Right out of the gate I wanted to say a couple of things.
I am far from rich. However I’ve gone from being in a reasonable amount of debt to a position of debt free two years later and what most would consider to be a good financial position within seven years.
To do this there are really just a few solid principles you have to stay consistently focused on which I talk a bit about here. For the purposes of this blog post I am going to assume you’re either currently in debt or at least don’t have some assets and a significant amount of cash in the bank.
You have to want it.
One important point to make up front is that you have to WANT to be in a good position financially. And I mean like really want it – enough to make it a priority in your life and to change some of your current habits or choices. Most people will tell you of course they want to be in a great position financially yet most continue to make daily choices that move them further away from it.
Having no debt, some assets and a decent amount of cash in the bank is a life changer. It’s absolutely no different from a business that is making profit and has positive cash flow.
Firstly, you no longer worry about the unexpected costs that can sometimes come along in life. e.g. your car breaking down, a larger phone bill than you expected etc. They get handled with ease and without worry.
Secondly, you have far more freedom to make choices in your life e.g. career change, travel, starting new hobbies etc. Quite often these opportunities come out of the blue and being able to spot them and take advantage of them quickly is essential. Having cash to hand allows you to do this.
The more connected you are with the vision of being in a good position financially, the more likely you are to stay focused and make the decisions or choices necessary to get there. It’s worth just taking a few moments now (and on a regular basis) to really think about what your life would be like if you were in this position. Visualise how every day would be different and think about the choices you now have the freedom to make. You might even want to consider building a vision board to keep the vision in front of you.
Live below your means
There are some specific steps that need to be followed to get out of debt and be in a strong position financially and living below your means underpins the lot. It certainly doesn’t sound (and isn’t) sexy and exciting but for the majority of the population it is absolutely necessary to becoming wealthy.
Living below your means is essentially having a lifestyle that costs less than the income you bring in.

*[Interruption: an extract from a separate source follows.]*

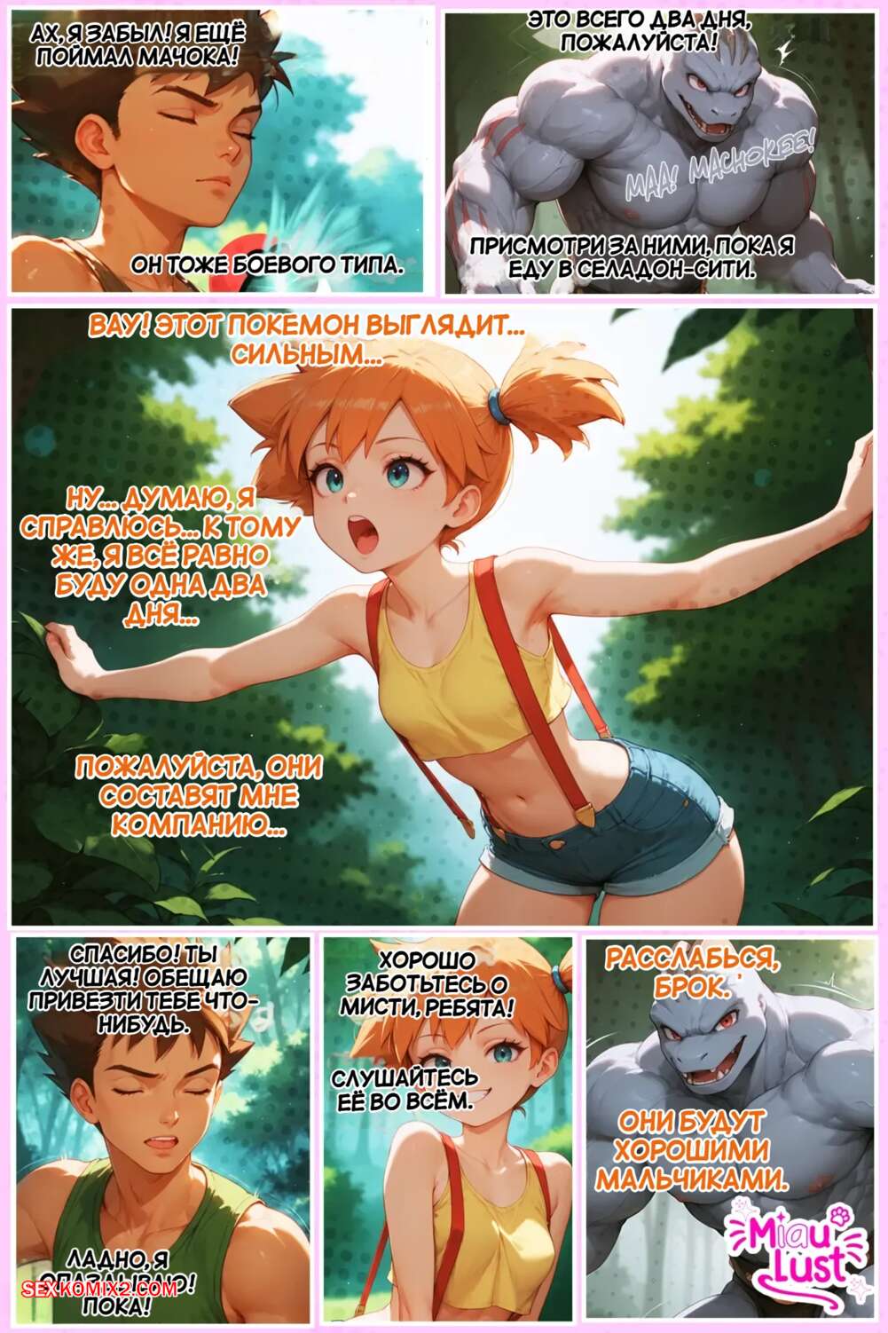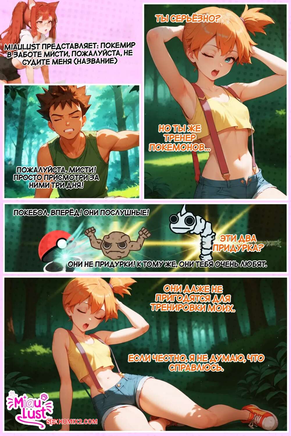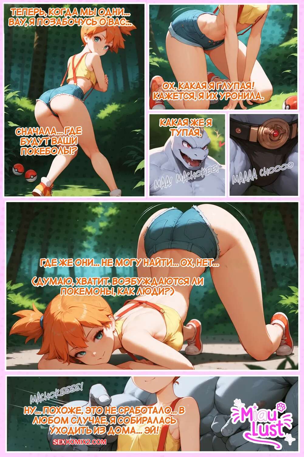 Порно комикс Pokemon. Мисти в уходе за Мисти. Misty in Mistys Care. MiauLust. Покемон не может устоять перед шикарным телом красотки Мисти. Он раздел девушку и стал лизать ее влажную пизденку, после чего вставил в нее свой член и хорошенько выебал.

Again, very much like a business, in order to be profitable you have to bring in more revenue than you incur costs. The bigger the gap between the two, the more profitable you are – the reverse puts you in debt and often out of business. Thinking about your personal finances as a business is not a bad way to go about things.

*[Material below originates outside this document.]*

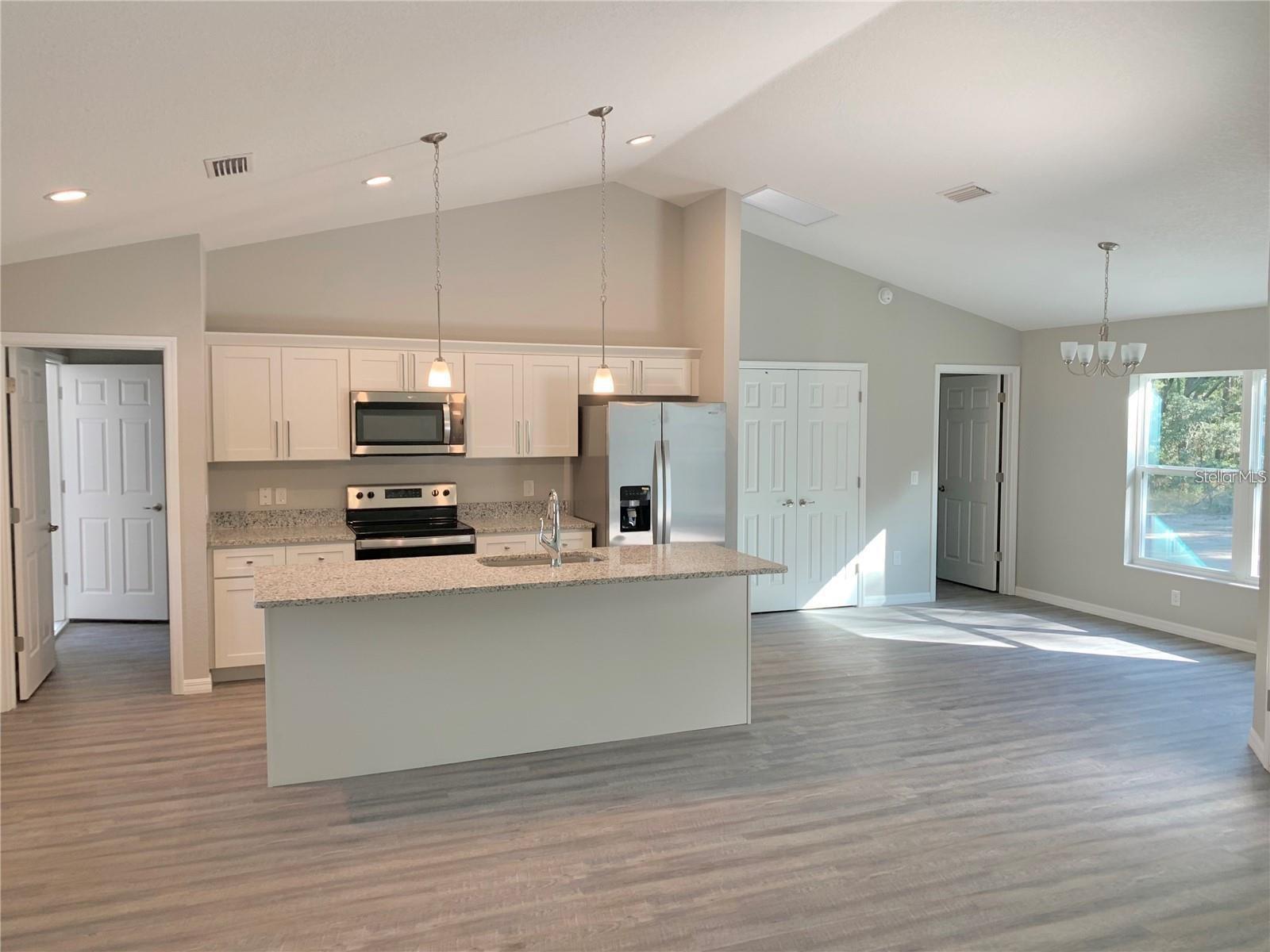 "NEW BUILD" in RAINBOW ACRES! This popular 2024 "Parker" Alamo model sits on an oversized lot (.95 acres) and features three bedrooms / two bathrooms PLUS A DEN, and an open concept, split floor-plan. Light and bright throughout, the interior is finished with stainless steel appliances, solid stone countertops in the kitchen/bathrooms, and luxury vinyl flooring throughout. Located just a few short minutes from the beautiful Rainbow Springs, where you can enjoy fishing, boating, camping and so much more. Home is near completion. This is the one of the only Parker models currently available for quick occupancy. Floor-plan, interior and exterior colors, finishes, and garage orientation may vary for actual home. Information is deemed correct, but no guarantee made- dimension listed are approximate.

We’ll talk about income towards the end of this post; but the biggest thing you can change immediately is controlling and reducing your spend on a monthly basis. You should look to get it as low as possible and adjust your lifestyle to reduce costs as much as possible.
This may mean making some drastic changes to your current lifestyle and perhaps making some choices that make you feel uncomfortable in the short term, but I can’t stress enough how important it is to think the long game on this one.

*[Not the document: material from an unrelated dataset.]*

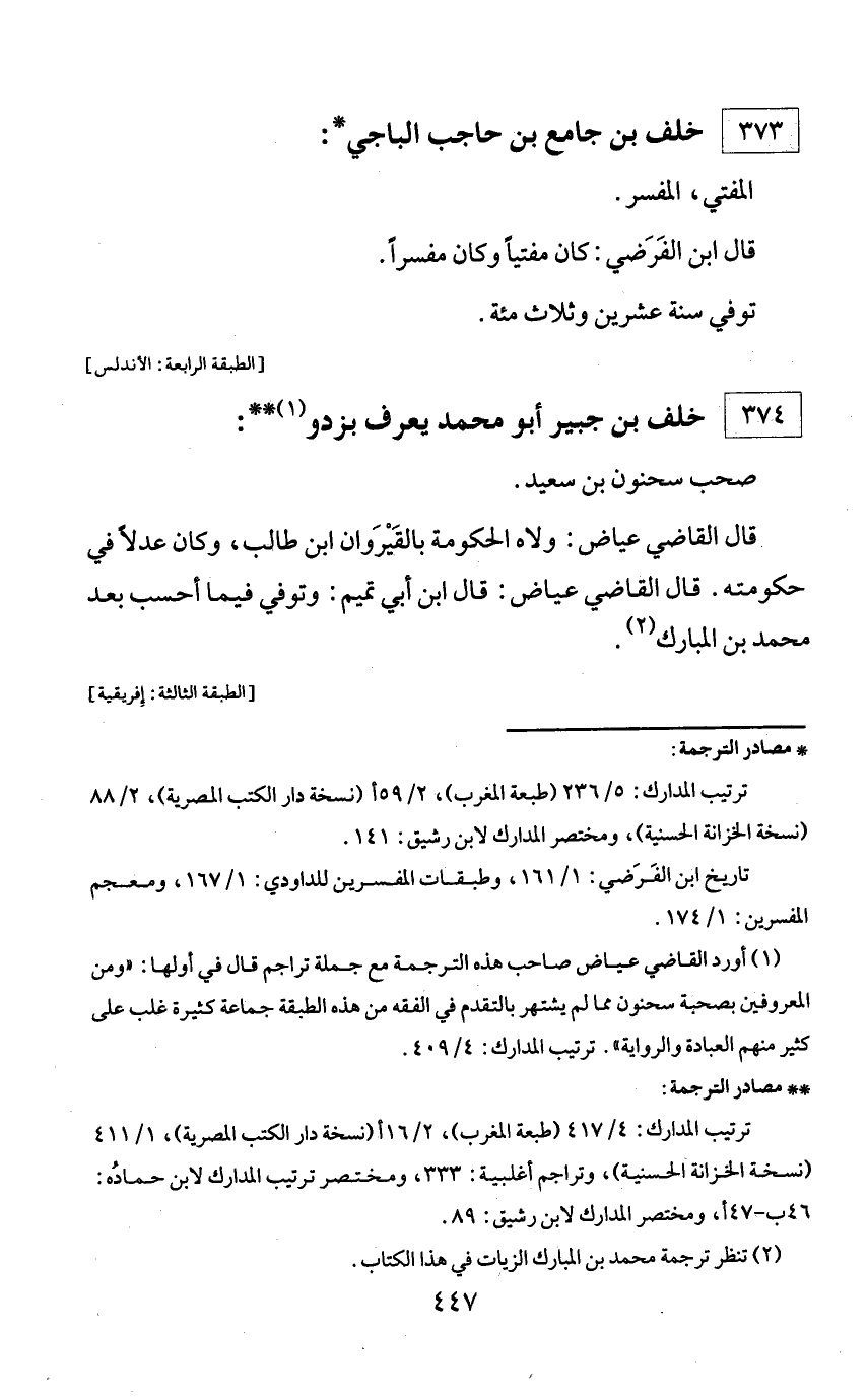* مصادر الترجمة: ترتيب المدارك: 5/ 236 (طبعة المغرب)، 2/ 59 أ (نسخة دار الكتب المصرية)، 2/ 88 (نسخة الخزانة الحسنية)، ومختصر المدارك لابن رشيق: 141. تاريخ ابن الفرضي: 1/ 161، وطبقات المفسرين للداودي: 1/ 167، ومعجم المفسرين: 1/ 174.

Here are some suggestions for living below your means:
- Live at home for as long as possible – it’s a little embarrassing and perhaps not the best status symbol but take advantage of paying no / low rent for as long as possible. It won’t be forever and it’ll be worth it. I lived at home until I was 28.
- Cut spending on things like clothes, gadgets etc. They give you instant gratification, but as we all know this quickly wears off and most purchases simply aren’t necessary no matter what the reasons you make up as to why you must have them (I’ve come up with some pretty creative ones myself in the past!). Clothes and gadgets were by soft spot for a long time, but now I rarely buy them and have sold / given away many of them.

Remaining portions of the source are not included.